-------- Materials provided
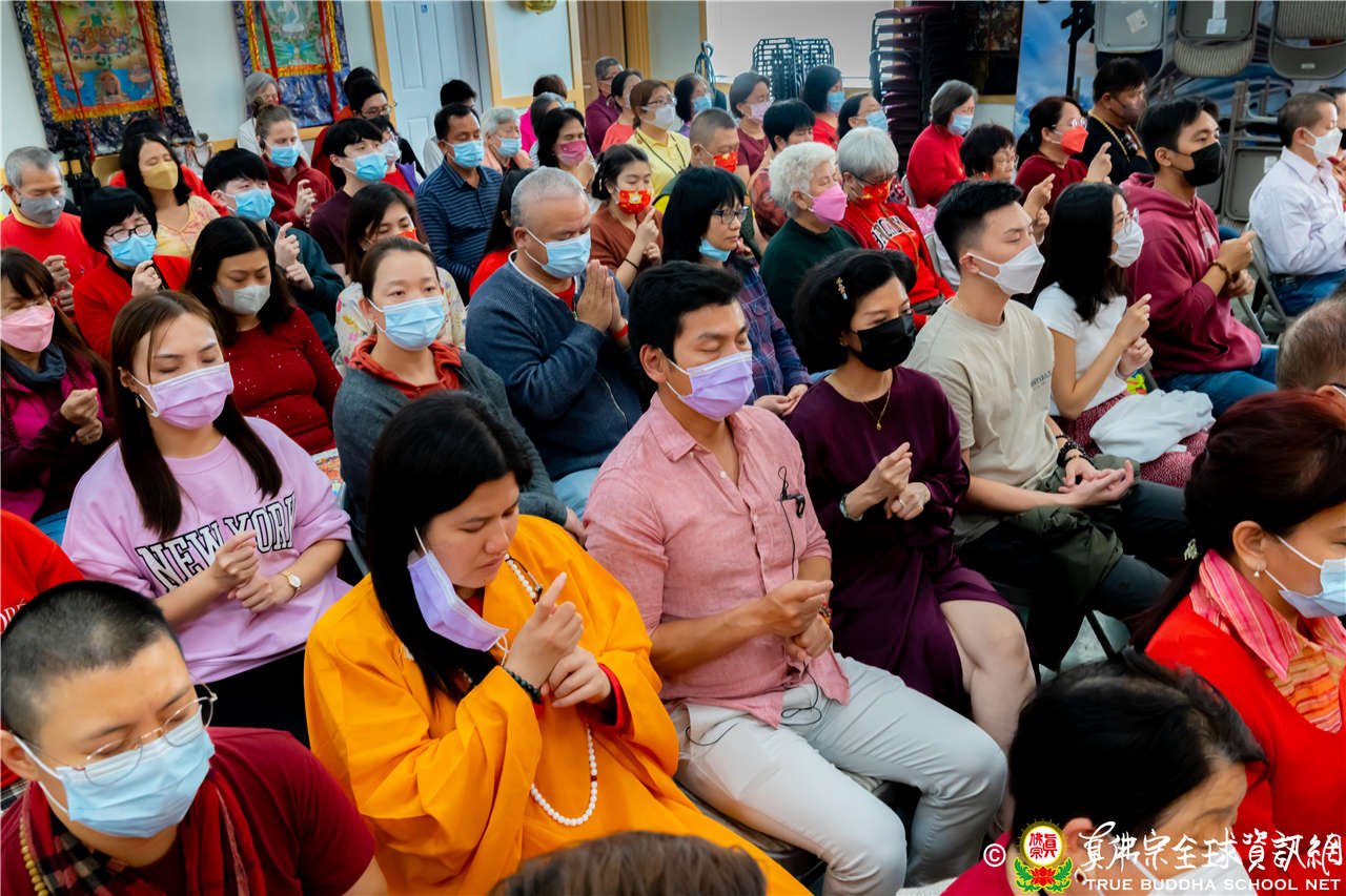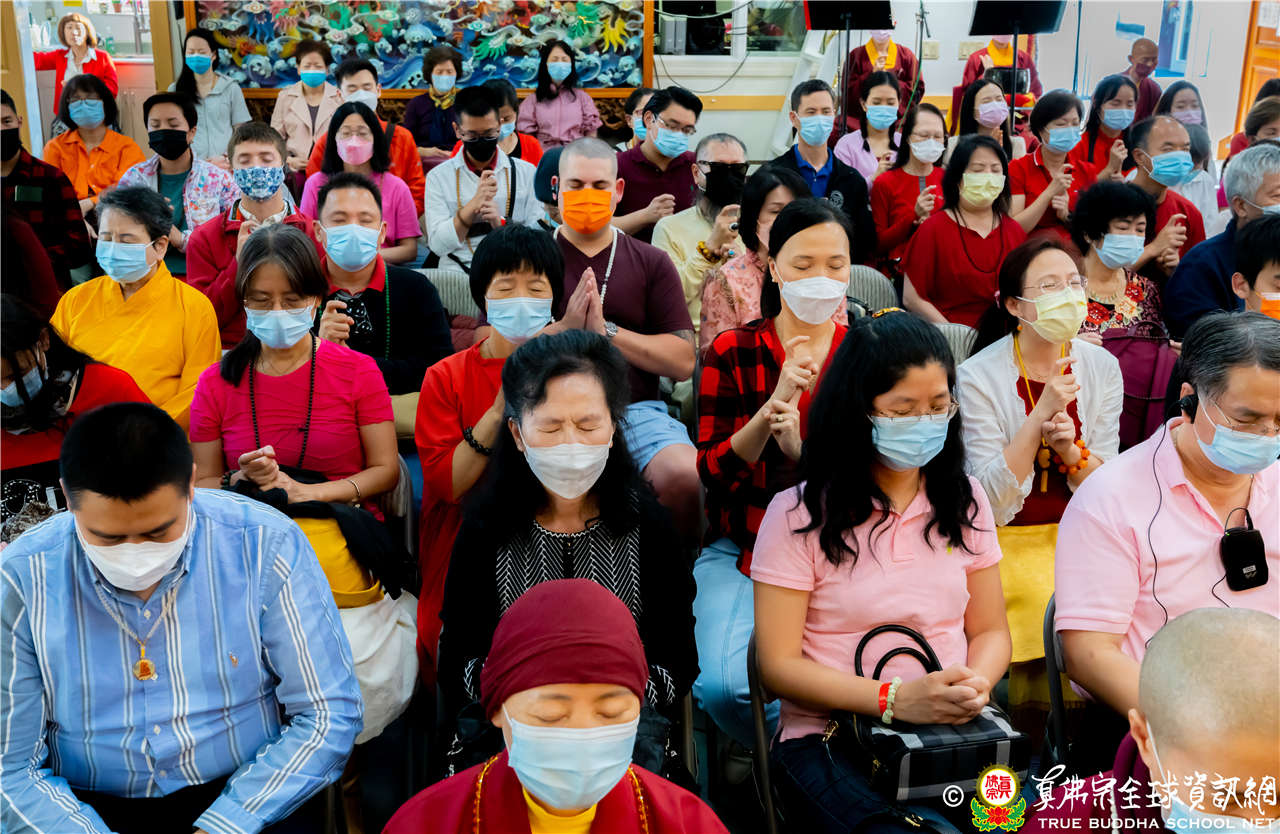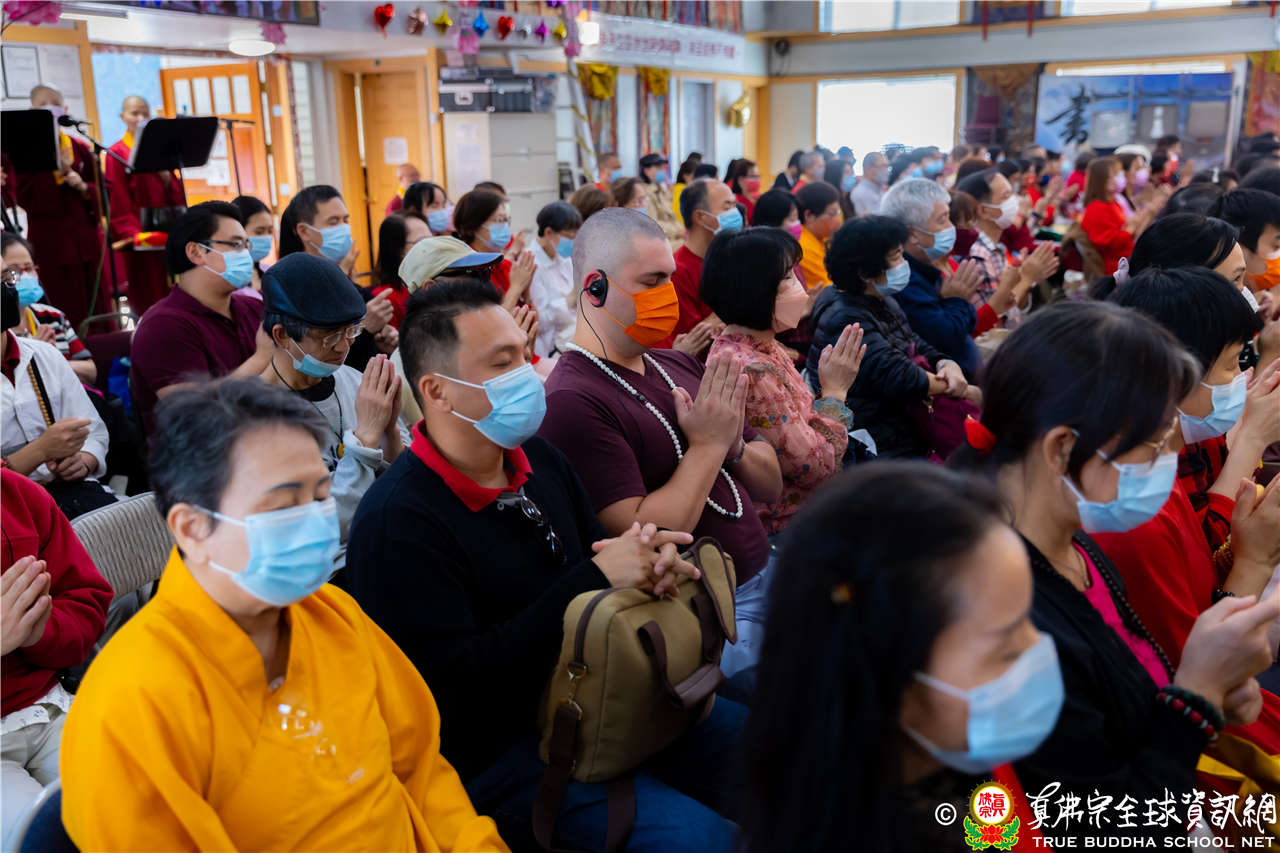最後法王移駕到Zoom前與弟子們互動,弟子們誠摯地感恩師尊開示,並紛紛在鏡頭前感謝法王,法王慈悲加持祝福現場及網路上所有弟子,現場眾弟子接受法王的「勾財天女」灌頂,法會圓滿結束。
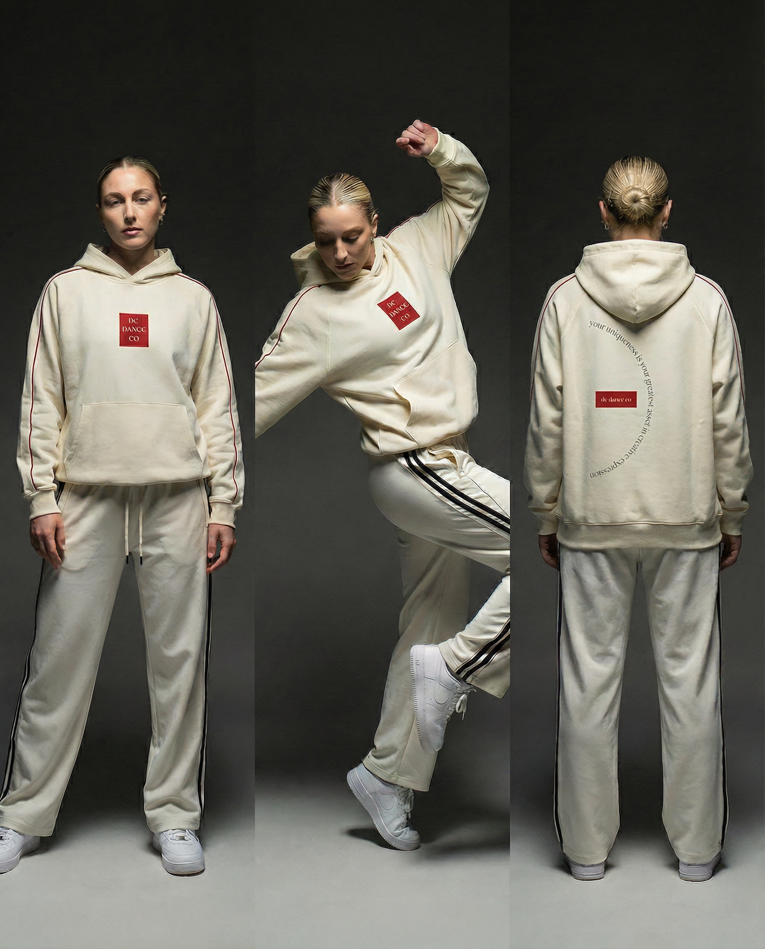 Our collection blends legacy-inspired design with a modern, art-driven aesthetic—celebrating movement, expression, and the artistry behind the craft. From striped warm-up pants and heavyweight joggers to graphic tees and statement hoodies, each piece is thoughtfully designed for comfort, versatility, and everyday creativity. Neutral tones, bold typography, and relaxed silhouettes come together to create dance essentials that feel as good in the studio as they do beyond it.
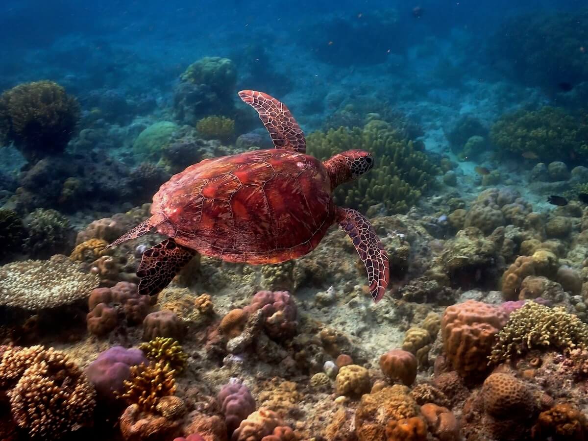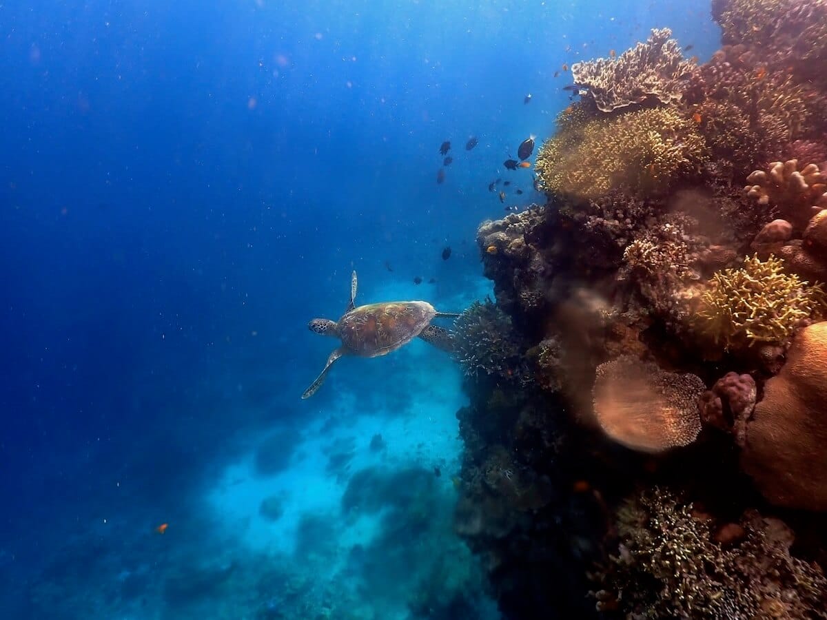 The reef slopes are richer in colorful fish, attracting a dozen different butterflyfish, triggerfish and schools of damselfish. Small green turtles are not uncommon in this area.
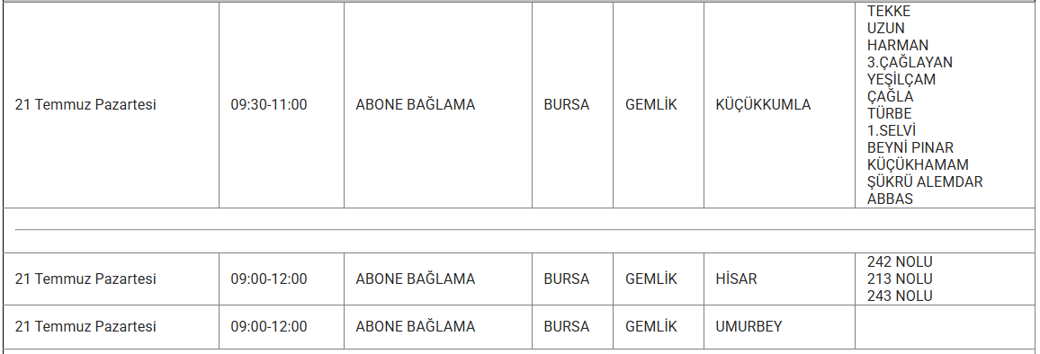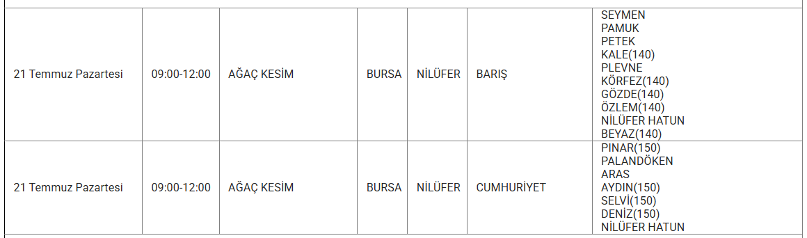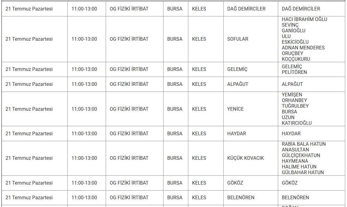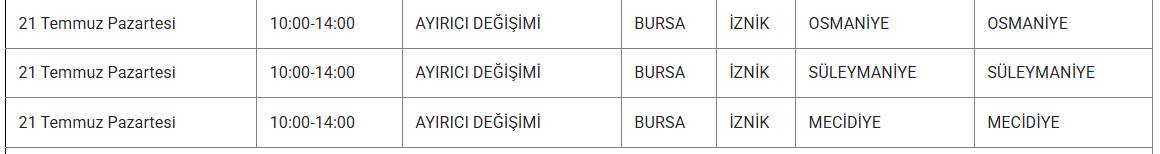 Ayrıca eskiyen elektrik hatları veya trafo arızaları da kesintilere yol açabiliyor. Uludağ elektrik gibi kuruluşlarda bu sorunları en aza indirmek için altyapı yenileme çalışmalarını sürdürdüğünü duyurdu. Işte 21 Temmuz günü Bursa'da planlı bakım ve onarım çalışmaları kapsamında elektrik kesintisi yaşanacak ilçe ve mahalleler..
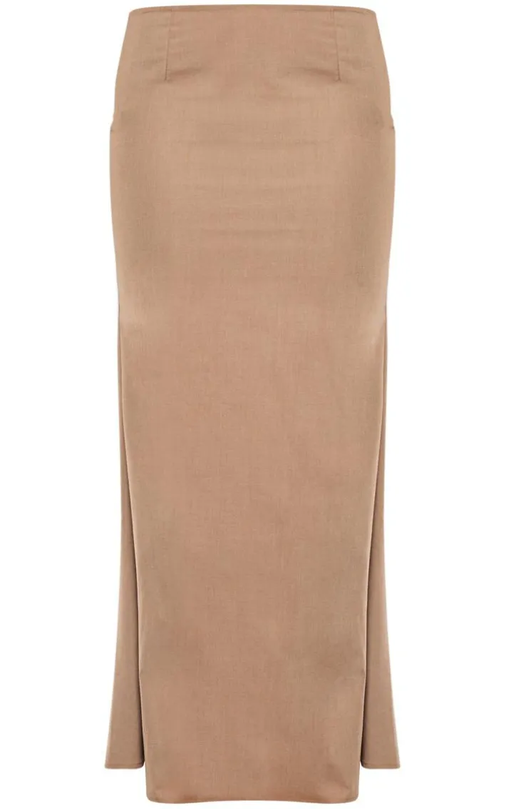 Say hello to your new season staple with this taupe woven tailored fishtail maxi skirt. Brought to you in a taupe woven material with a fishtail design and a tailored fit, what more could you want? This maxi skirt is here to banish any of your what to wear dilemmas. Style with high heels and accessories for a look that will have you being the topic of everyone’s conversation.
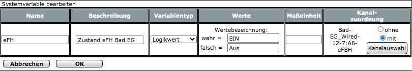 Ich habe bei mir in Homematic eine neue Systemvariable definiert, um den Status der elektrischen Fussbodenheizung letztendlich zur Solaranzeige zu übergeben.
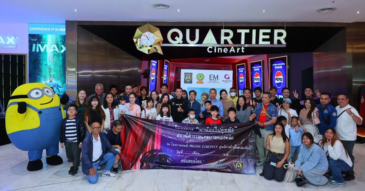 พาน้องไปดูหนัง 24/08/2568 โดย admin / ข่าวประชาสัมพันธ์,ข่าวกิจกรรม,ข่าวประชาสัมพันธ์ พ.ต.อ.รัฐธนนท์ เอกฐิติกุลพัทธ์ ผกก.สน.ทองหล่อ จัดกิจกรรมตามโครงการ พาน้องไปดูหนัง ที่โรงภาพยนต์ Guartier Cine Art ศูนย์การค้า เอ็มควอเทียร์ ตามนโยบายจัดสวัสดิการให้กับกำลังพลในสังกัด ของ พล.ต.ต.วิทวัฒน์ ชินคำ ผบก.น.5 ผบก.น.5 และเป็นประธานเปิดกิจกรรม โดยมีคุณไพพรรณ/หลักแหลม อนุ กต.ตร.บก.น.5 /ที่ปรึกษา กต.ตร.สน.ทองหล่อ กรรมการผู้จัดการ เอ็ม ดิสทริค ให้การสนับสนุนกิจกรรม
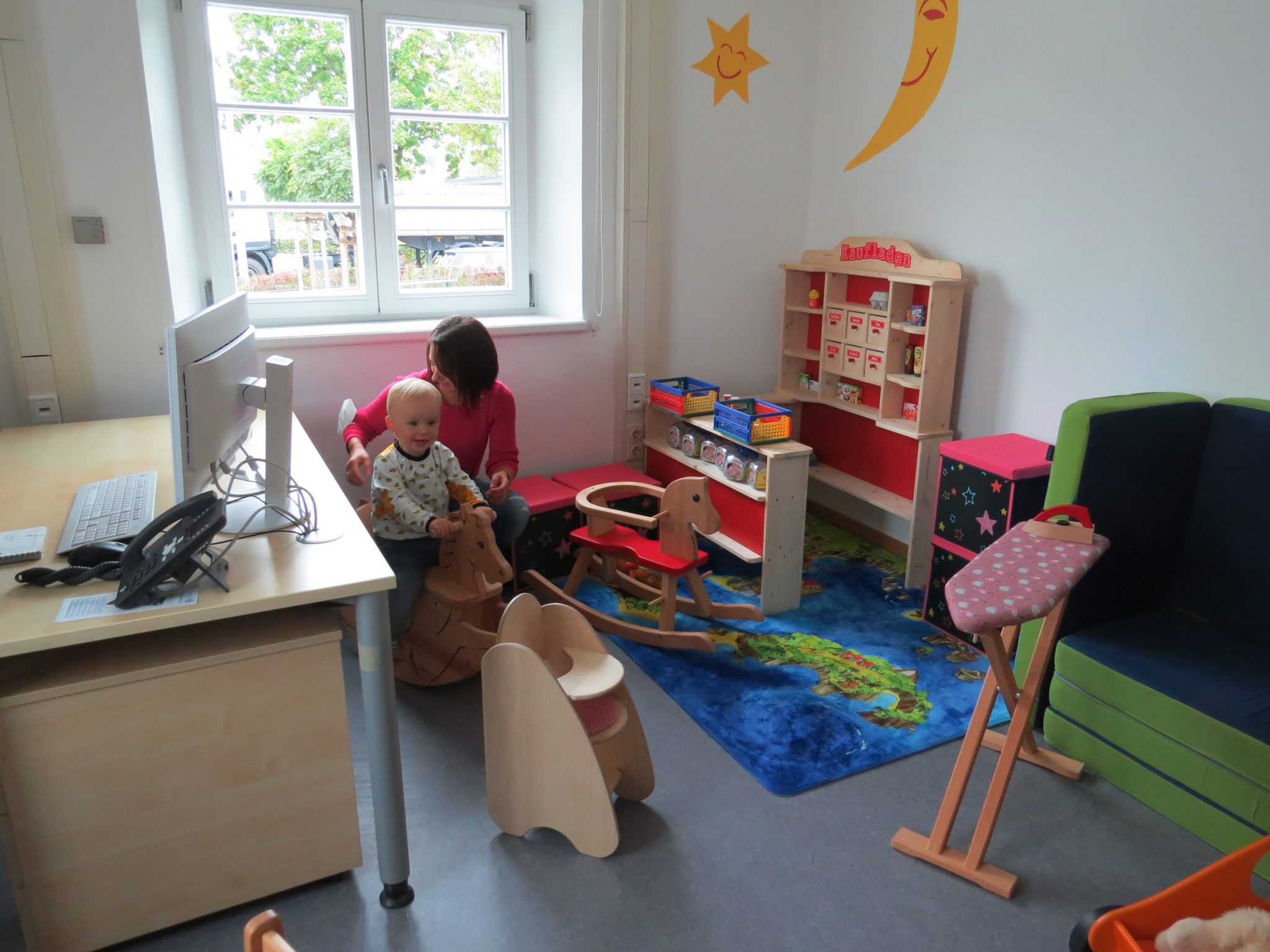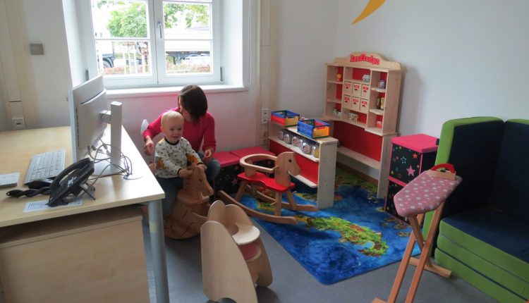 Der kleine Paul freut sich, dass er mit seiner Mama gemeinsam zur Arbeit gehen kann und das neue Eltern-Kind-Zimmer nutzen darf:
----------------
=== Task objective ===
Your output should be the lines from the one with "พาน้องไปดูหนัง 24/08/2568 โดย" through the end of the listing, copied exactly and with the pictures left out.

=== Response to the task ===
 พาน้องไปดูหนัง 24/08/2568 โดย admin / ข่าวประชาสัมพันธ์,ข่าวกิจกรรม,ข่าวประชาสัมพันธ์ พ.ต.อ.รัฐธนนท์ เอกฐิติกุลพัทธ์ ผกก.สน.ทองหล่อ จัดกิจกรรมตามโครงการ พาน้องไปดูหนัง ที่โรงภาพยนต์ Guartier Cine Art ศูนย์การค้า เอ็มควอเทียร์ ตามนโยบายจัดสวัสดิการให้กับกำลังพลในสังกัด ของ พล.ต.ต.วิทวัฒน์ ชินคำ ผบก.น.5 ผบก.น.5 และเป็นประธานเปิดกิจกรรม โดยมีคุณไพพรรณ/หลักแหลม อนุ กต.ตร.บก.น.5 /ที่ปรึกษา กต.ตร.สน.ทองหล่อ กรรมการผู้จัดการ เอ็ม ดิสทริค ให้การสนับสนุนกิจกรรม
 Der kleine Paul freut sich, dass er mit seiner Mama gemeinsam zur Arbeit gehen kann und das neue Eltern-Kind-Zimmer nutzen darf:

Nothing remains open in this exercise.